Store grand opening events were always a large spectacle, with politicians as well as movie and television celebrities involved in the ceremonies. Actor Errol Flynn participated in the 1941 opening of the South Pasadena store. A neon Thrifty Drug Store sign is visible in the background of a scene from the 1954 Judy Garland version of A Star Is Born.

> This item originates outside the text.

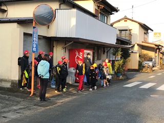 2月13日(火)今日からあいさつ運動でした。小山・久島の子供達が北坂登り口で行いました。玄関前では、立花の子供達です。写真は、北坂登り口の様子です。
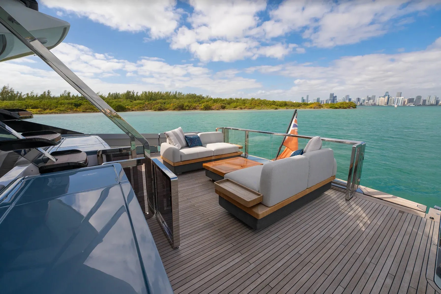 NOTABLE FEATURES OF LATITUDE: ~Hard roof over the sun deck ~Open aft cockpit ~Cool, ice blue hull ~38 knot top speed ~Tender and toys ~Air conditioning ~WiFi

During the 1950s, a Thrifty commercial jingle played on numerous radio stations in Southern California:

Save a nickel, save a dime.
Save at Thrifty every time.
Save a dollar and much more,
at your Thrifty Drug Store!

=== Diversification as Thrifty Corp. ===
In the early 1970s, Thrifty's parent began to diversify outside the drug store industry through the acquisition of Big 5 Sporting Goods, a sporting goods chain, in 1972. Thrifty expanded into general merchandising by the gradual acquisition of The Akron chain, 40% in 1976, increasing to 90% the following year, and eventually to 100%.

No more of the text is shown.